> [Work request]: The copy must hold exactly the lines from the one with "(As show, One" through the end of the listing below, and nothing else, with no pictures.

> [Information provided]:
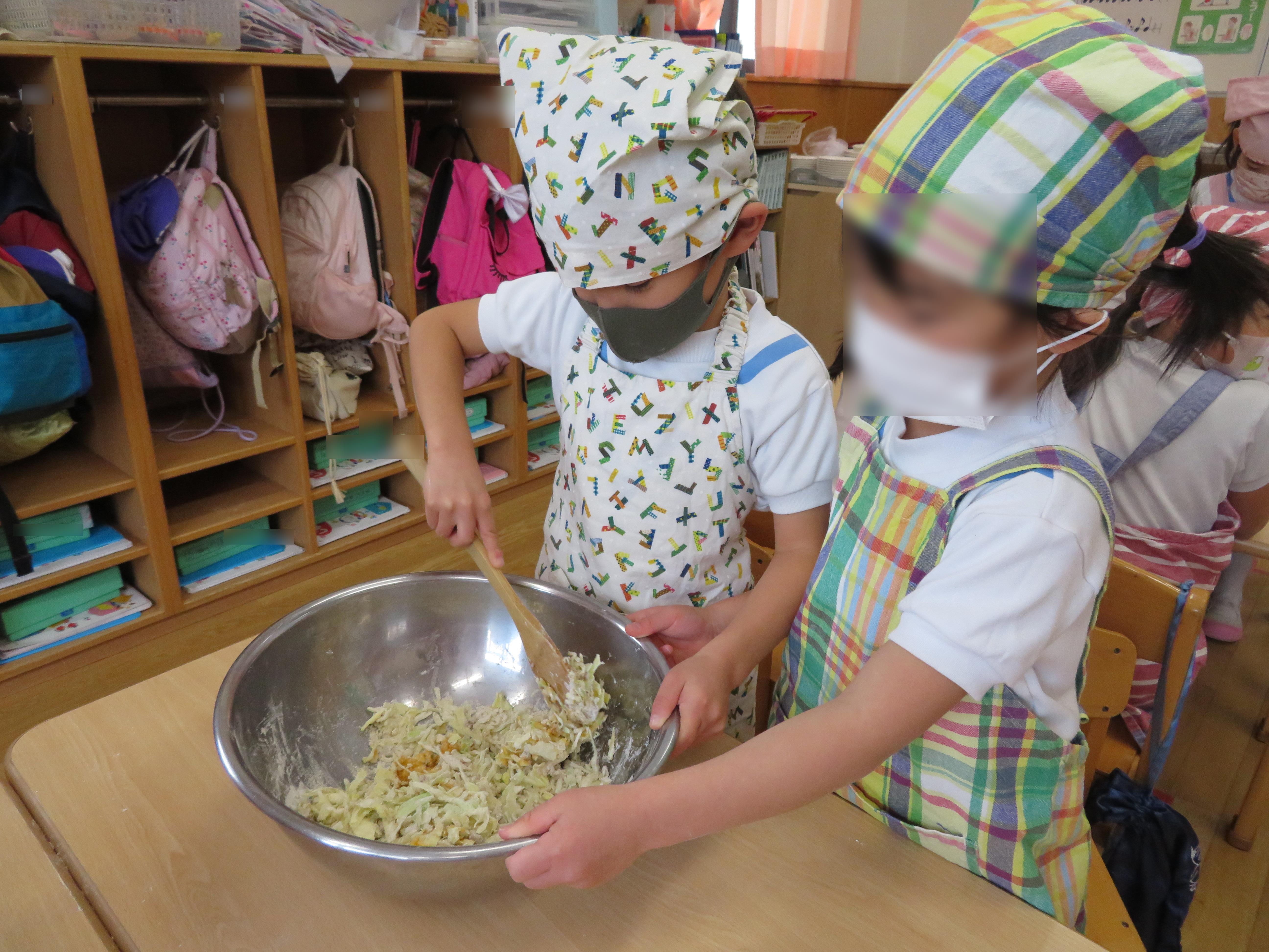 ボールの中にお好み焼き粉、天かす、山芋、合い挽きミンチ、卵をいれて木べらを使って混ぜ合わせました。お友達と協力をしながらしっかりと生地をまぜました。
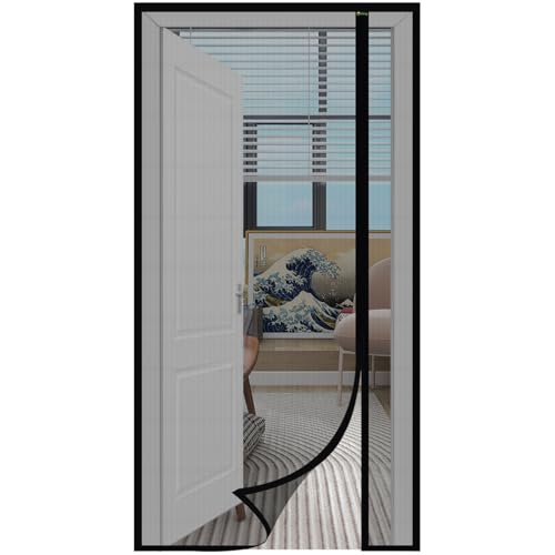 (As show, One size) THICKENED Mosquito Net Magnetic Door 80x200cm Very Dense Mesh Mosquito Net Magnetic Door Fly Curtain Insect Repellent, Black
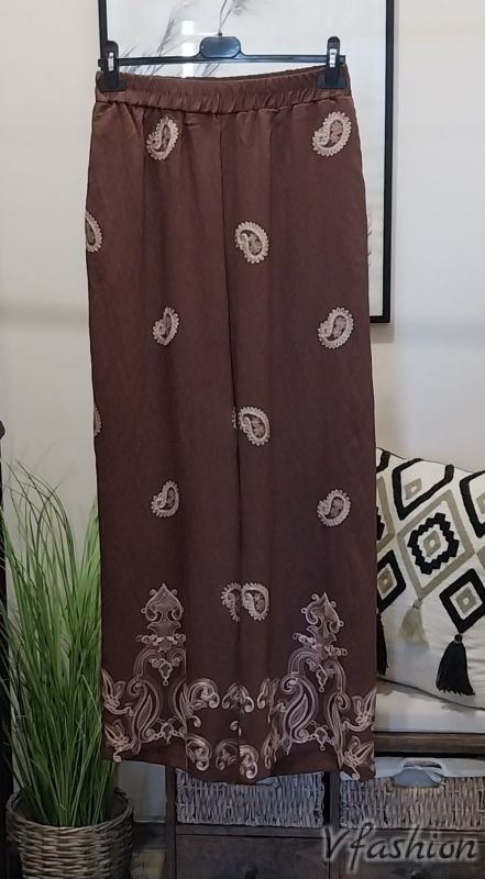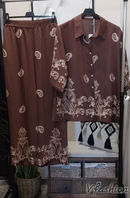 Комплект панталон и риза с бродерии - кафяв

> [Reply]:
 (As show, One size) THICKENED Mosquito Net Magnetic Door 80x200cm Very Dense Mesh Mosquito Net Magnetic Door Fly Curtain Insect Repellent, Black
 Комплект панталон и риза с бродерии - кафяв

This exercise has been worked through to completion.